It is clear that there is room for debate on the issue of diazepam’s interaction with acute chloroquine overdose. Even the Wozz authors’ claim that the theory is backed up by experiments with animals is strongly contested, especially if we examine more up-to-date material than that quoted by the Wozz authors. For instance, we find, “Studies in animals and humans suggest that early aggressive management of severe chloroquine intoxication has a cardioprotective effect and reduces the fatality rate.”(7)
And in enumerating the specific types of aggressive management, the author is quite clear:
“Diazepam (0.1–0.3mg/kg) given by slow intravenous injection, repeated as necessary, is effective at controlling convulsions. In addition, diazepam at approximately 10 times higher doses has been reported to have a specific cardio-protective action in severe chloroquine poisoning.”(8)
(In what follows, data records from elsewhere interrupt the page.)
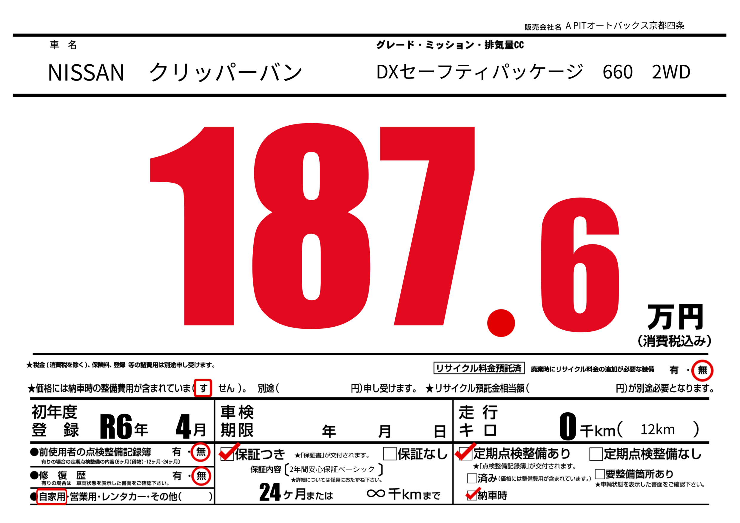 保証なし 保証内容(2年間安心保証ベーシック) 24ヶ月または(∞)千kmまで |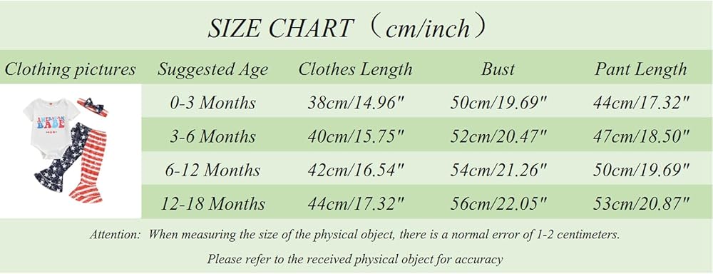 0-3M Bust: 18.5 Pants Length: 13.78 Waist: 13.39 Romper Length: 14.17 Suggest Age: 0-3 Months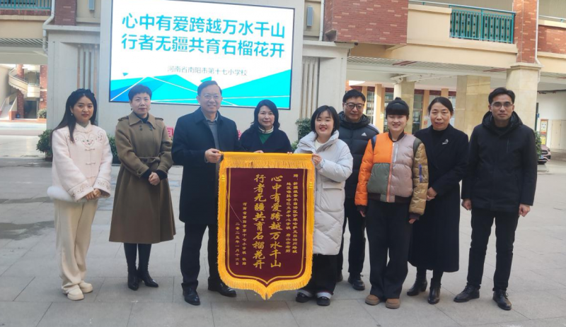 1月18日,在河南省南陽市第十七小學的操場上,一場溫情的告別正在上演。來自新疆塔城市喀拉哈巴克鄉(xiāng)中心學校的副校長兼英語老師唐山云,將一面寫有“心中有愛跨越萬水千山 行者無疆共育石榴花開”的錦旗送給南陽市第十七小學校長張哲,與朝夕相處一年的南陽市第十七小學英語教研組組長陳晨緊緊擁抱,淚眼婆娑,依依不舍。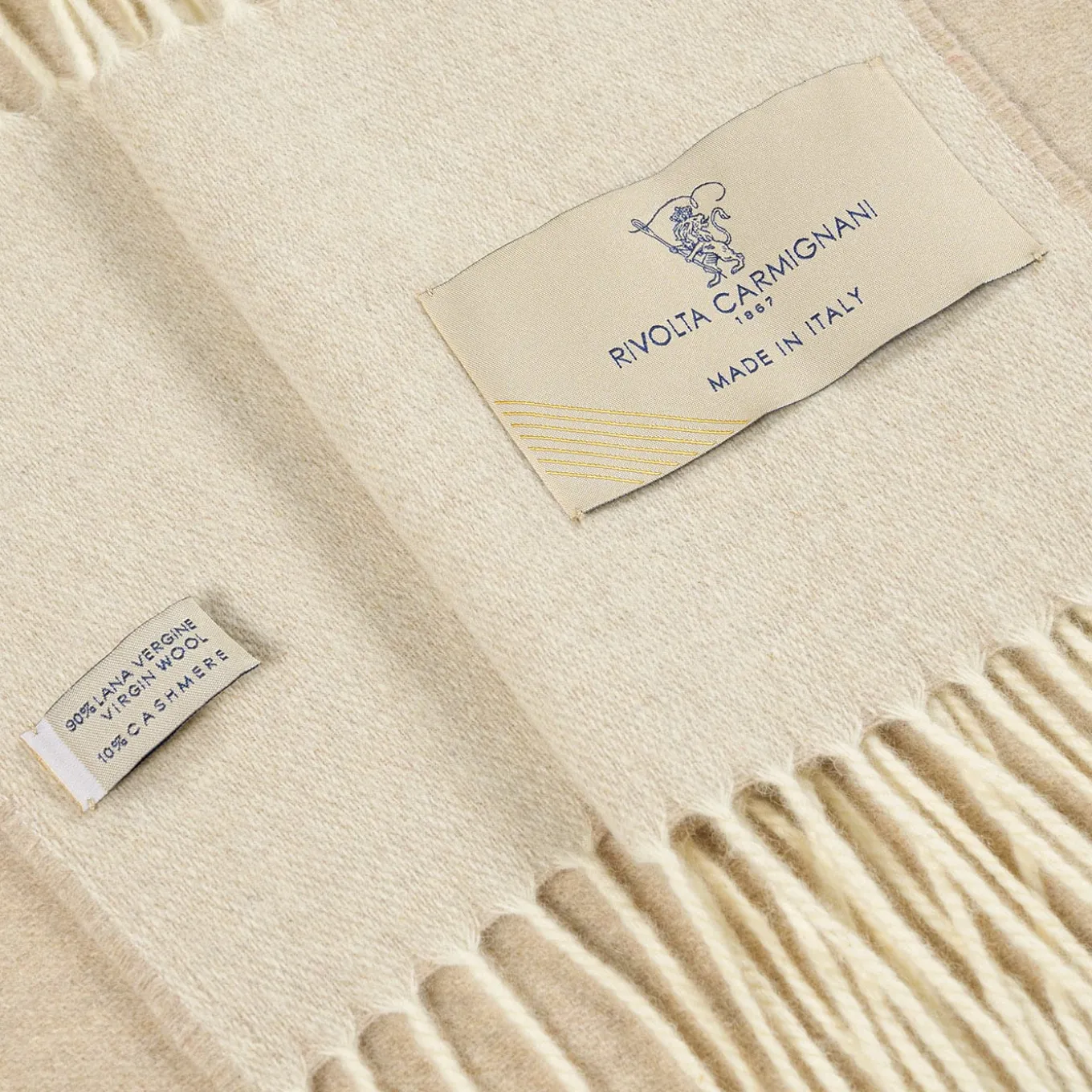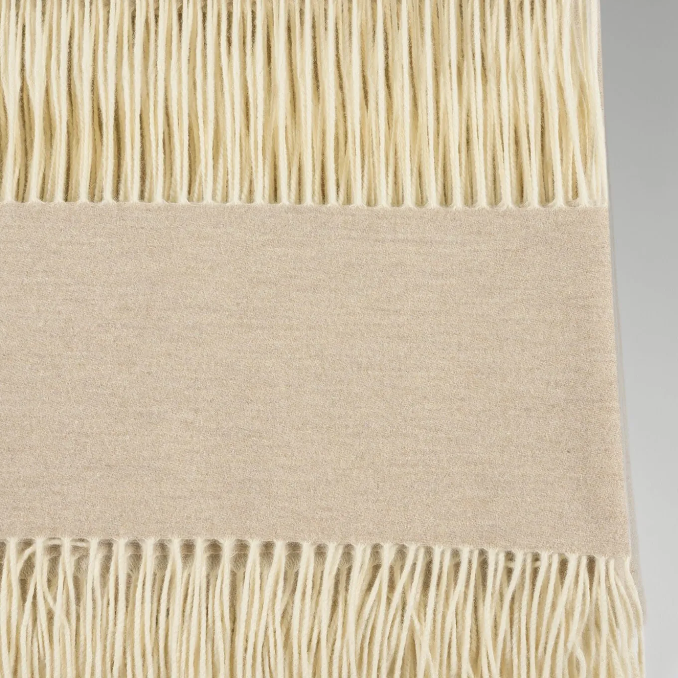 Un pezzo che resiste solo al lavaggio a secco, questa piccola coperta beige della collezione Defilé si distingue per un disegno traforato di fili sciolti ispirato all’antica tecnica toscana in cui si sfilacciavano i filati di lino dei corredi più preziosi. Il pezzo, ulteriormente accentuato da frange, combina il 90% di lana Merino e il 10% di cashmere per un calore e una morbidezza senza sforzo.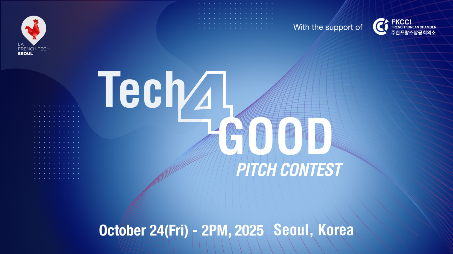 As part of KES 2025, the French Tech Seoul, in collaboration with French-Korean Chamber of Commerce and Industry (FKCCI), is proud to organize the Tech for Good Pitch Contest on October 24, 2025, from 2:00 PM to 3:00 PM at COEX, Seoul.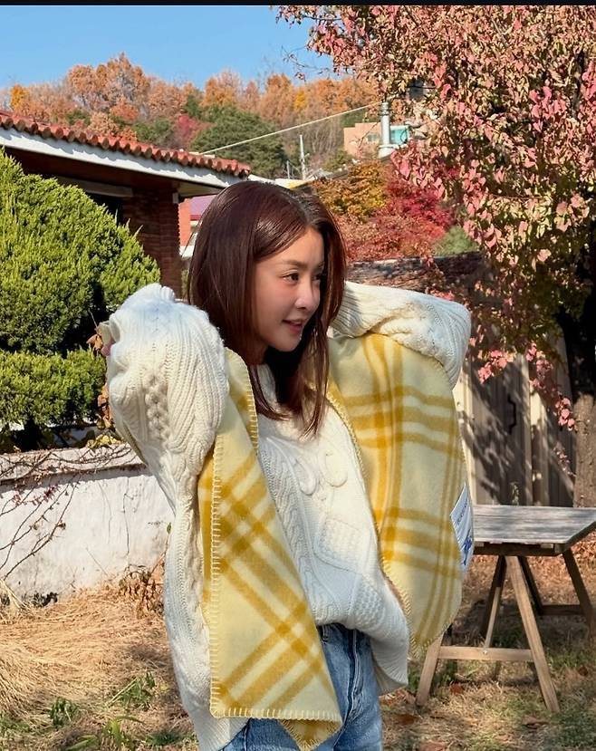 이시영은 아이보리 니트를 착용해 차분하고 포근한 분위기를 연출했습니다.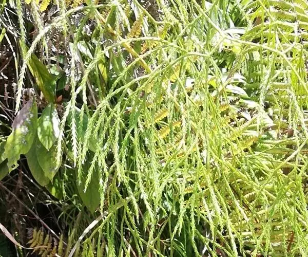 藤石松,为石松科石子藤石松,多年生攀援草本植物,长可达4m。主茎下部有叶疏生,叶钻状披针形,先端长渐尖,膜质,灰白色,向上的叶较小,绿色,厚革质,有早落的膜质尖尾。植物的全草可供药用,《四川中药志》:能舒筋活血。治风湿关节痛,跌打损伤,筋骨疼痛,月经不调及脚转筋。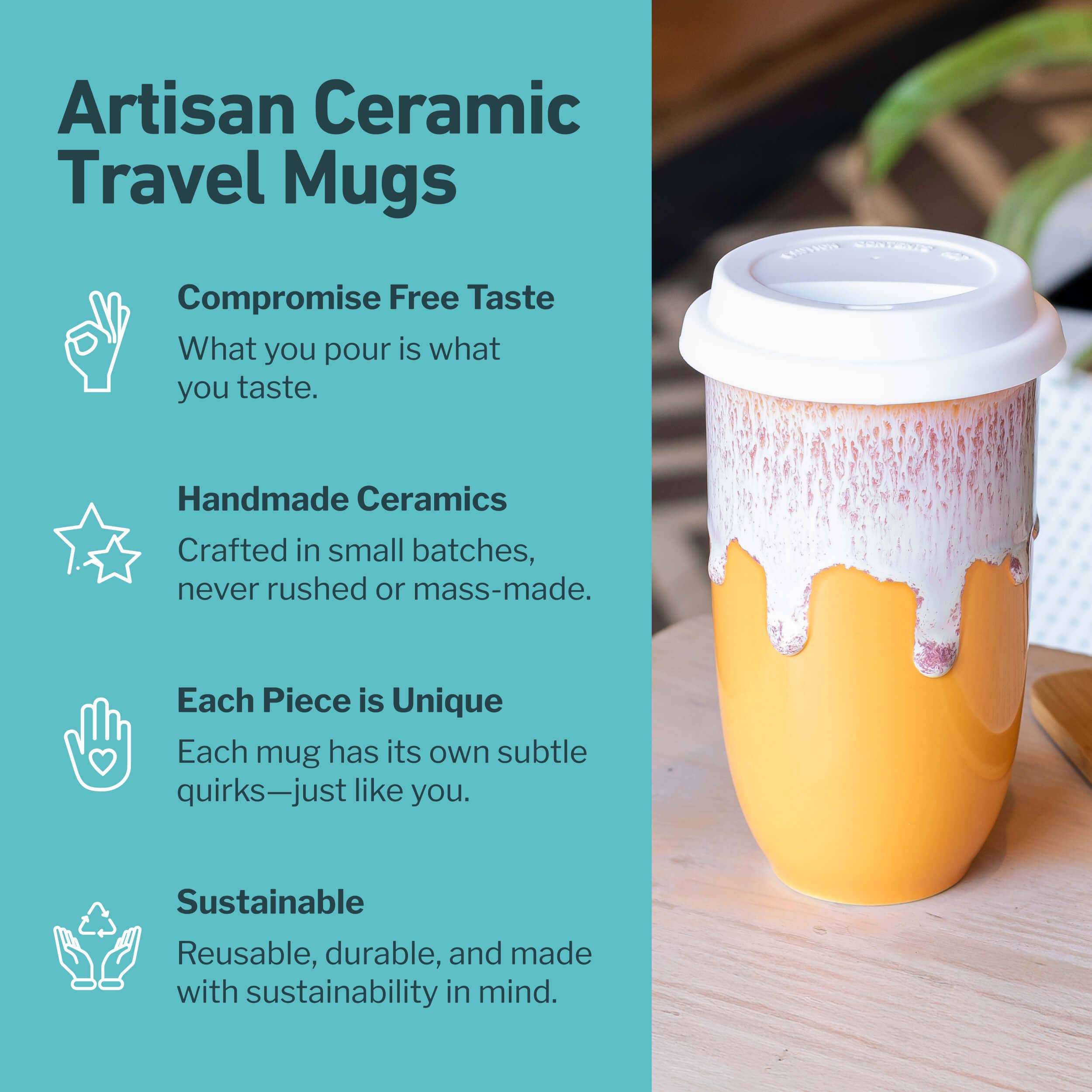 Expertly handcrafted with sustainability in mind, each cup is one-of-a-kind thanks to our custom glazing technique. Made from premium stoneware ceramic, it delivers a pure, clean-tasting sip. Complete with a BPA-free silicone lid and heat sleeve, it’s designed for seamless use—whether you're at home or on the move.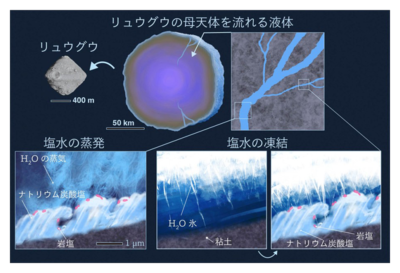発見された鉱物はいずれも水に非常に溶けやすい性質をもつ塩の結晶である。水に溶けやすいということは、液体が極めて少なく塩分濃度が高くなければ結晶が析出できなかったと推定される。そのため筆者らは、リュウグウの砂を作る多くの鉱物が母天体で沈殿したあとに、液体の水が失われる現象が存在し、その際に塩の結晶が沈殿したと考えた(図4)。液体がなくなる現象として考えられる可能性のひとつは、塩水の蒸発である。母天体の内部から表層の宇宙空間へまでつながる割れ目が生まれれば、天体内部の液体は減圧されて蒸発すると考えられる。地球上では大陸内部に取り残された湖が干上がった時に高い濃度の塩水が生じ、ナトリウム炭酸塩や岩塩などが析出することが知られている。これらは「蒸発岩」と呼ばれており、リュウグウ母天体でも蒸発岩が生まれたのかもしれない。もうひとつの可能性は、液体の凍結である。母天体を温めていた放射性元素が乏しくなると天体は冷えてゆき、塩水は徐々に凍結するはずである。塩水に溶けた陽イオンや陰イオンは氷には取り込まれにくいので、凍結が進むと残された塩水の濃度は高くなる。すると濃い塩水からは塩結晶が析出する。凍結した氷はやがて現在に至るまでに宇宙空間へと昇華してしまったと考えられられる。現在のリュウグウに大量の液体は見られず、そしてリュウグウの砂つぶも湿っていることはなく、母天体を流れたはずの液体の水がどのように失われたのか分かっていなかった。今回の研究により、リュウグウの母天体では蒸発、もしくは凍結によって液体の失われる現象が起こったことが初めてわかった。また、この考察が示唆する重要な点は、急激な水の消失が起こるほど、もともと母天体は水に富んでいたという点である。つまり、母天体の材料となった氷の、無機物質に対する量比が高かったことを示唆している。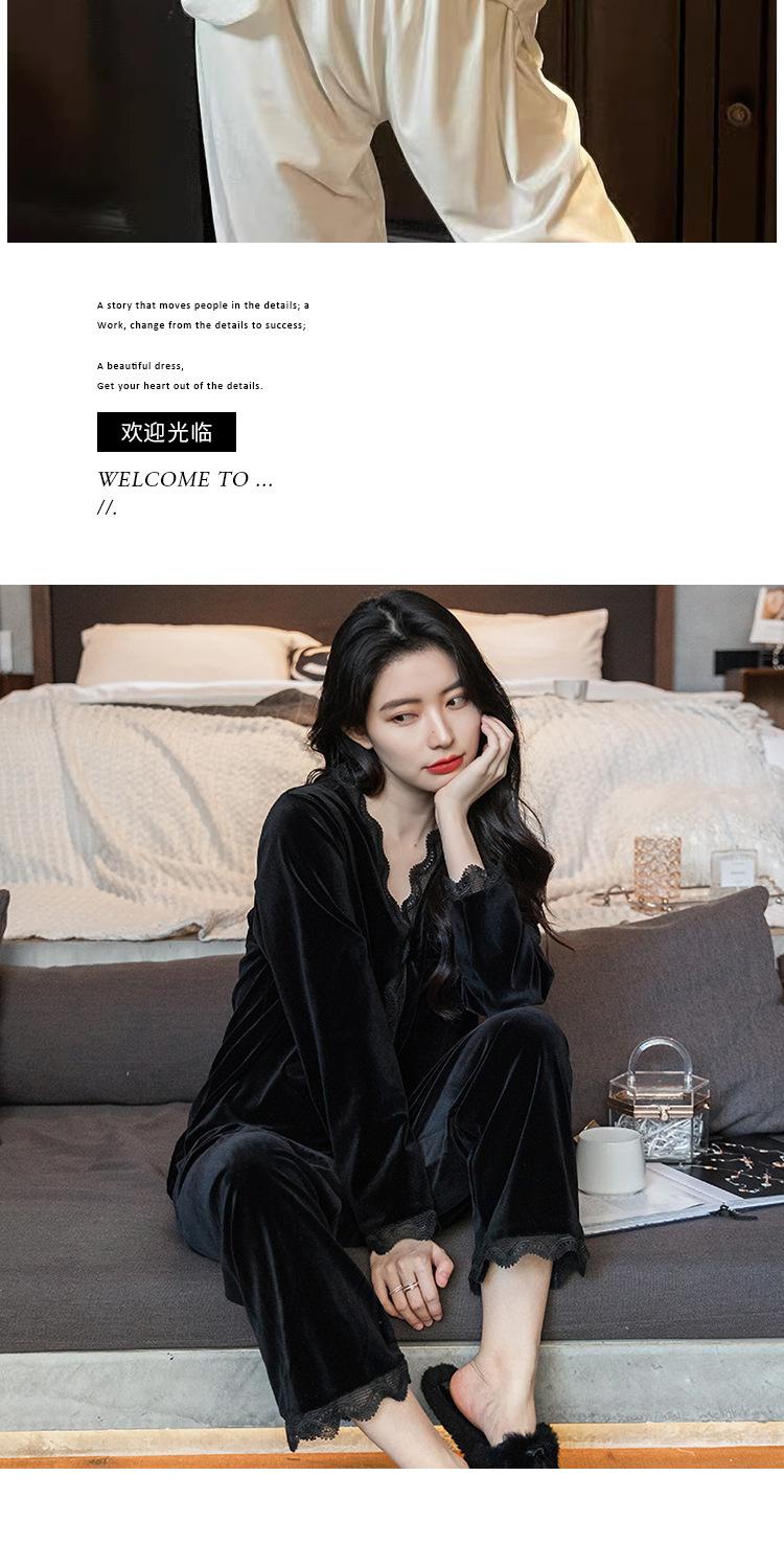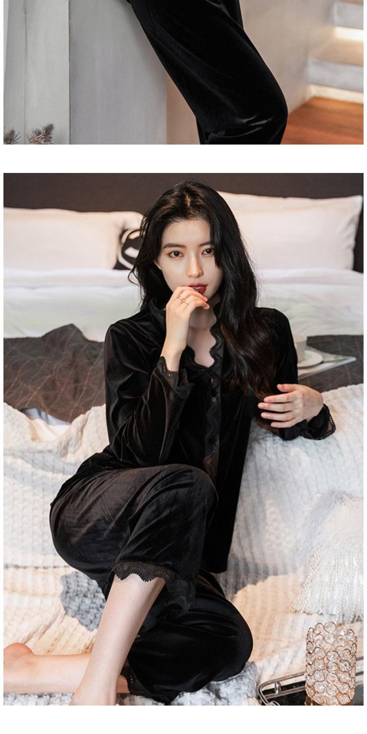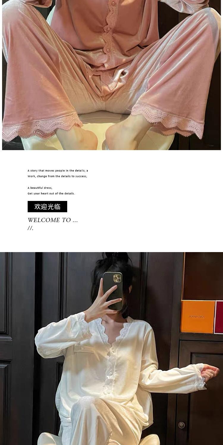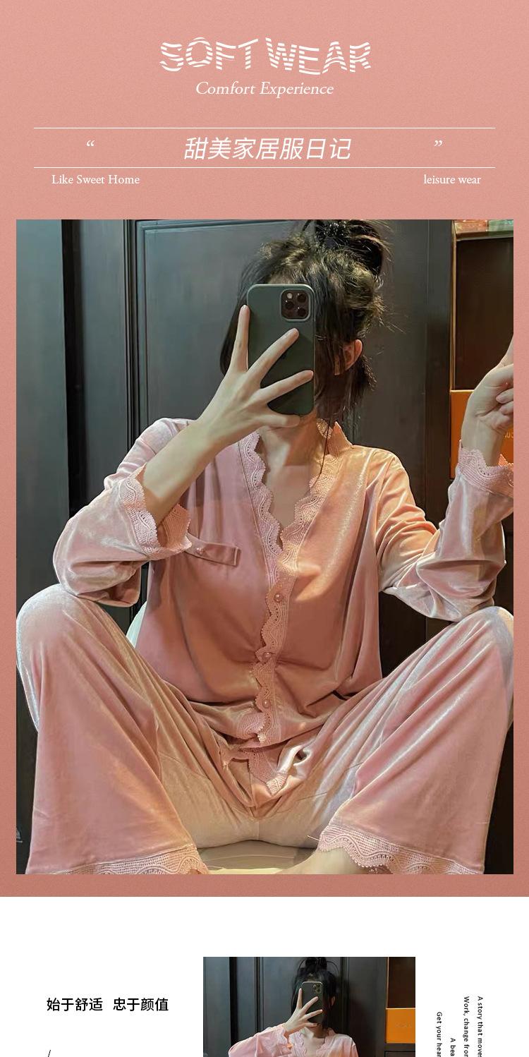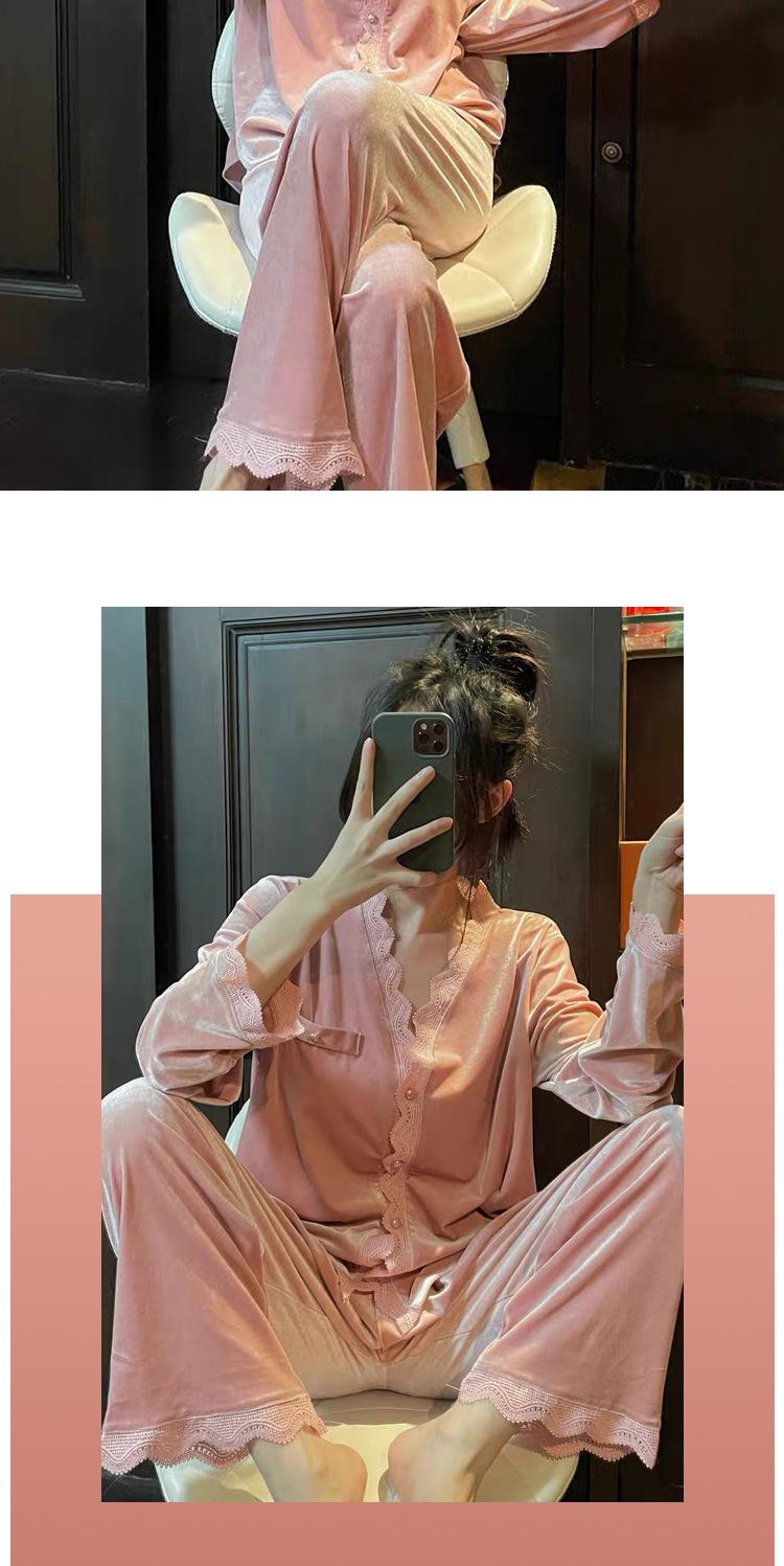 Otoño e invierno nuevo rojo en línea traje de pijama de terciopelo dorado para mujer moda de alta gama temperamento encaje cárdigan ropa de casa al por mayor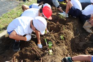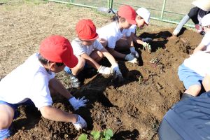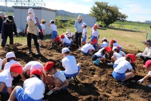 3連休明け、1.2年生は、さいまいもを掘りました。

Brent (above) goes into considerable detail and with considerable supporting evidence over the cardioprotective effect of diazepam and writing some fifteen years later than the journal studies quoted by Wozz. This suggests that Wozz’s claim that, “Diazepam and the other benzodiazepines . . . are not an antidote to the lethal effect of chloroquine on the heart,”(9) must be viewed with considerable scepticism.
These studies querying the effect of diazepam on chloroquine toxicity have been well-known for many years, but the majority of modern authorities, like Brent, while admitting that the action is not completely understood, come down clearly on the side of the mainstream that concludes the opposite of the Wozz authors. As Olson states:
“. . . diazepam has been reported to antagonise the cardiotoxic effect of chloroquine (the mechanism is unknown, but diazepam may compete with chloroquine for fixation sites on cardiac cells).”(10)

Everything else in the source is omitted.